The toothpick, as a device, has existed in one form or another since mankind’s first meal. A simple apparatus has long been sought as a tasteful alternative to our body’s natural pick; “whenever we proceed to drag the tongue across and thrust it between our teeth at a repast’s tenacious residue, we reveal our mission by the bulge moving around our lips and cheeks like a mole beneath the lawn.”
As Petroski notes, there is no one single starting point for such a tool. Examining the fossil record of our ancestors, grooves in skeletal teeth reveal that twigs, rocks, and grass are the historical antecedents to the now-ubiquitous smooth wooden utensil we are familiar with.

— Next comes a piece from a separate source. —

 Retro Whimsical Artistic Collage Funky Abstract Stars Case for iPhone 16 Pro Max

The modern pick, in its mass-produced form, is typically attributed to Charles Forster, an American businessman “who recognized the potential for ultimately large profits in small, trivial things such as toothpicks sold by and for the millions.” As Petroski digs deeper, we see that by following the progression of the toothpick, with its cultural nuances and technological advancements, we are following the development of civilization.
All this would be for naught if Petroski treated his subject with the dry reverence of a scholarly treatise. Luckily, like contemporaries such as Mark Kurlansky (Cod) and Simon Winchester (The Professor and the Madman), Petroski has the narrative skills to match his mania for research. While Petroski does not brandish the storytelling prowess of his peers, his passion and fascination more than make up for a unexceptional and slightly unwieldy framework.

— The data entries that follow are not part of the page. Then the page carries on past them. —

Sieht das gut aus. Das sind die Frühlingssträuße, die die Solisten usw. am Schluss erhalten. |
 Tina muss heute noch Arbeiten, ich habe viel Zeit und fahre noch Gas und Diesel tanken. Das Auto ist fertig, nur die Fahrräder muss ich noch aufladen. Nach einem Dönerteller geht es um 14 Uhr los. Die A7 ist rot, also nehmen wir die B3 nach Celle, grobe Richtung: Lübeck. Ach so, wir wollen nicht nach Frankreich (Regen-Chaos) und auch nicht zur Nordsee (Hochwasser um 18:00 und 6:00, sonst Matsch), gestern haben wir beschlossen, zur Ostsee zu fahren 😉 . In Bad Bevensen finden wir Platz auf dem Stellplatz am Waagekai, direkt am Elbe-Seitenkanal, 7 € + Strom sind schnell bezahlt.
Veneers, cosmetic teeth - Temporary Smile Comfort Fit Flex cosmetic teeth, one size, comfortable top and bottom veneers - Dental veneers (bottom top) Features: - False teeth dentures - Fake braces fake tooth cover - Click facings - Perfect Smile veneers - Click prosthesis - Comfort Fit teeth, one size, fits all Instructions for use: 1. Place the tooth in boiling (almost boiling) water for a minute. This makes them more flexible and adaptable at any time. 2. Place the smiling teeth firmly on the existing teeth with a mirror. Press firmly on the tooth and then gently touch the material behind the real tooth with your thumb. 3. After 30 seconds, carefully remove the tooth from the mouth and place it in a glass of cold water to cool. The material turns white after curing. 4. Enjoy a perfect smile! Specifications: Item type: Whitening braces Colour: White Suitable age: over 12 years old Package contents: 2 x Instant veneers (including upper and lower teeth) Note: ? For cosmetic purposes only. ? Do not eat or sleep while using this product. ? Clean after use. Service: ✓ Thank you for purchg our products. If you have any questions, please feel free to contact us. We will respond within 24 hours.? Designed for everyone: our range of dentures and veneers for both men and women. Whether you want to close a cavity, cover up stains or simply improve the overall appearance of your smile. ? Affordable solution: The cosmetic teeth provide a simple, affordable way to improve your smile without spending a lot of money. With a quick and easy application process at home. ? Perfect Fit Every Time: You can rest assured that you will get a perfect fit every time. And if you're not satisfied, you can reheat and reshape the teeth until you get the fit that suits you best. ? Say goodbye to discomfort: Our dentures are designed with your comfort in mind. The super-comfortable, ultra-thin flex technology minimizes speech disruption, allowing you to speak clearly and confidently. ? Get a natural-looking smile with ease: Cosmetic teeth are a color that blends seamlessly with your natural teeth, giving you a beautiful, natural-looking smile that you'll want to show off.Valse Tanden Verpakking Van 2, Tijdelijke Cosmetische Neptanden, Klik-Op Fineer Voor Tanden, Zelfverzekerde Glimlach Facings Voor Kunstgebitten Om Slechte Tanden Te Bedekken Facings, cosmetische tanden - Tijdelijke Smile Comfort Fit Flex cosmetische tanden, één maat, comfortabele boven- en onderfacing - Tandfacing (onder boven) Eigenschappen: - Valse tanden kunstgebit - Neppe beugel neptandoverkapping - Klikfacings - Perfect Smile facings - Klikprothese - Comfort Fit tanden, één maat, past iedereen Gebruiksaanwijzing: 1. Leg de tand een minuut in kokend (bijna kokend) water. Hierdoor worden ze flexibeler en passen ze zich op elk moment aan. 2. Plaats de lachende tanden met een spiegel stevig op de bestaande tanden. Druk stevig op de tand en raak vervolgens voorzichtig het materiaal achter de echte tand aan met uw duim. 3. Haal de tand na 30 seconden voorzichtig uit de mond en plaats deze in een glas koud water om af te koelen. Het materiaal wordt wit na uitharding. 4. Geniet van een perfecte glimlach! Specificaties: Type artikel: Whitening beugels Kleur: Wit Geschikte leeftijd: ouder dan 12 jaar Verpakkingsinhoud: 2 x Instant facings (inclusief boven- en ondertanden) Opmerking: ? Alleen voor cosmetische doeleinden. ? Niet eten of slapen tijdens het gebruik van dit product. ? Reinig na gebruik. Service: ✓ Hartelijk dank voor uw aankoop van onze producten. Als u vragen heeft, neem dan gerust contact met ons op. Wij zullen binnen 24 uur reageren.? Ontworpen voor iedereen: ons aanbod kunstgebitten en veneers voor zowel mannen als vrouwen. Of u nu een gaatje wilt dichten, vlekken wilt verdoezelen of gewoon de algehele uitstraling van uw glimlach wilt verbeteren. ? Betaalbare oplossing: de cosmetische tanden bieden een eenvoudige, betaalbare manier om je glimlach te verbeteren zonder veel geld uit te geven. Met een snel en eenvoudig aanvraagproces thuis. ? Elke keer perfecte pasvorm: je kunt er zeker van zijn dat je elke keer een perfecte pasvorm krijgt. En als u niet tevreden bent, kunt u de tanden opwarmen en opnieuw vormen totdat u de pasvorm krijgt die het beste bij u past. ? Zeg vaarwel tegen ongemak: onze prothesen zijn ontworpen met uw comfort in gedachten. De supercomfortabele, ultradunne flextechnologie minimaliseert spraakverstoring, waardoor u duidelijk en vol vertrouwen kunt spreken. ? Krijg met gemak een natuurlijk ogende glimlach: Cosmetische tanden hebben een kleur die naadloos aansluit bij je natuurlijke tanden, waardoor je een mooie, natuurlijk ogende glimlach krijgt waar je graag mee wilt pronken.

Adding spice is the bizarre arcana that crops up surrounding “the oldest habit,” ranging from George Washington’s rules of civility, “the one hundredth maxim of which cautioned against using a knife or fork to remove stuck food,” to the ancient Chinese and Romans, who carried toothpicks as a vital part of their daily jewelry.
The famed Bowie knife is sometimes known, depending on the area, as the Arkansas, Louisiana, or Texas Toothpick. Poetry has been written as to its uses and flaws, and the number of people who have perished from toothpick-related mishaps (including, possibly, U.S. President Warren G. Harding) is surprisingly high.

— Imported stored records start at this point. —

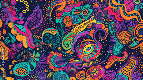 Playful Doodle Art Pattern in Vibrant Colors. Expressive and Bright Design with Vivid Colors
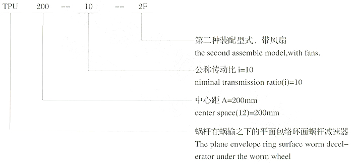 該減速器系列有四種型式:TPG、TPU、TPA、TPS.其中:TP-平面包絡(luò)環(huán)面蝸桿組合為
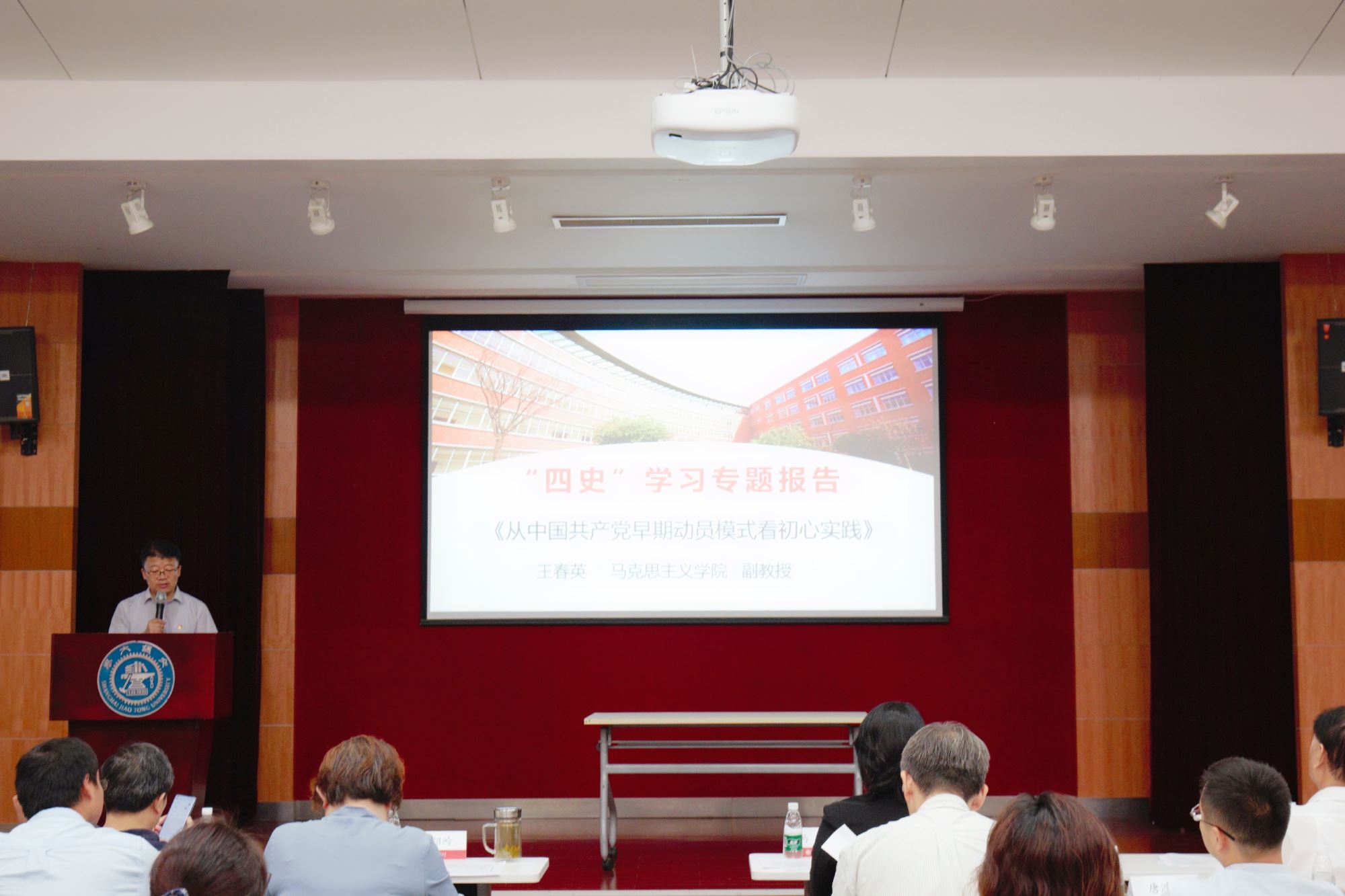 为深入贯彻习近平总书记关于深入学习党史、新中国史、改革开放史、社会主义发展史的重要指示精神,认真落实学校关于推进“四史”学习教育的工作安排,9月29日下午,必赢76net线路官网举办“四史”学习教育专题辅导讲座,邀请学院马克思主义学院王春英副教授以《从中国共产党早期动员模式看初心实践》为题,为学院党员代表授课。讲座由学院党委书记嵇绍岭主持。

“People are by nature adaptive, creative, and inventive, capable of taking anything far beyond its stated and intended purpose…Given a lever, they will move the earth. Given a toothpick, they will turn it into a universal tool.” Henry Petroski believes this, and The Toothpick is proof positive that not only can the toothpick be a tool with many uses, it can also be the source of a marvelous book.